— Excerpted data —

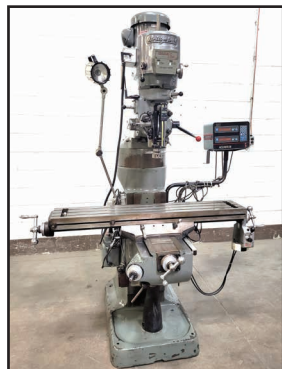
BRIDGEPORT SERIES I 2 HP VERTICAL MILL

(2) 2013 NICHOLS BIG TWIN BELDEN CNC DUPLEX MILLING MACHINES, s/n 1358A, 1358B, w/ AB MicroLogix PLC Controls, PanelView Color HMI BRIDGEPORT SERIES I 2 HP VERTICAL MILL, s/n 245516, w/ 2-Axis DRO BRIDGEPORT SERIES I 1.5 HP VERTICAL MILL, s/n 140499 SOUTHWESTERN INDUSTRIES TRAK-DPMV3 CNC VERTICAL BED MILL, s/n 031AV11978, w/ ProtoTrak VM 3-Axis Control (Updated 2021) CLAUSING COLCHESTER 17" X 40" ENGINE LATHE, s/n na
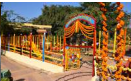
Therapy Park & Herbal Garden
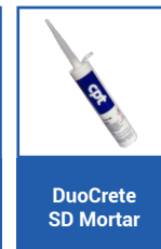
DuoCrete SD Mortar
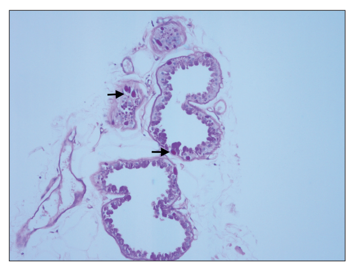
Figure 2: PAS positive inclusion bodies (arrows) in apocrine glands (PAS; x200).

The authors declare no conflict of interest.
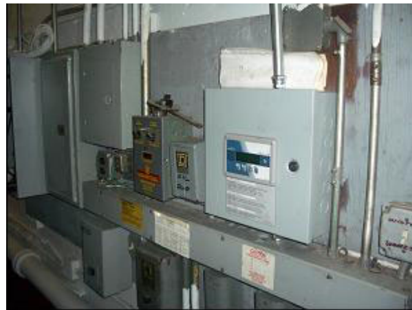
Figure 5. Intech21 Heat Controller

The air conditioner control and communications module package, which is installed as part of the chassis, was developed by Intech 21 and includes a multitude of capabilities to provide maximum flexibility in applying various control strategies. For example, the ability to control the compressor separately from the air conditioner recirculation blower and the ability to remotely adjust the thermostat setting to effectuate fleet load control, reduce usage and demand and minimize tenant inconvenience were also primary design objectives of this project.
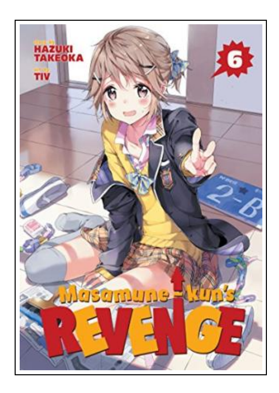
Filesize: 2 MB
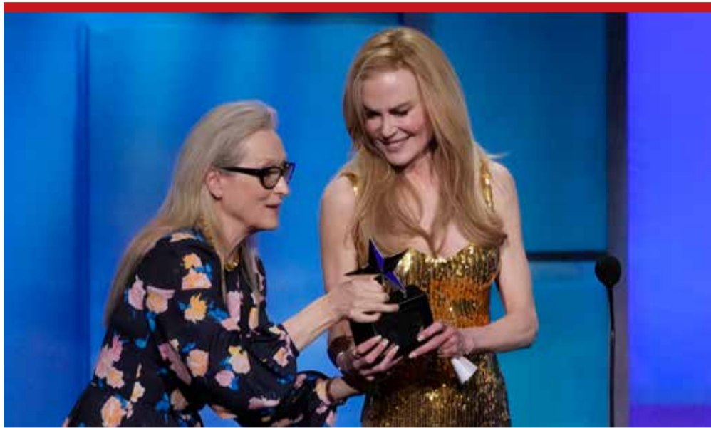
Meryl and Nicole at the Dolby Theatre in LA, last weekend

— What the task asks —
Wherever the string "Figure" appears in a line of the records above, copy that line.

— Result for this exercise —
Figure 2: PAS positive inclusion bodies (arrows) in apocrine glands (PAS; x200).
Figure 5. Intech21 Heat Controller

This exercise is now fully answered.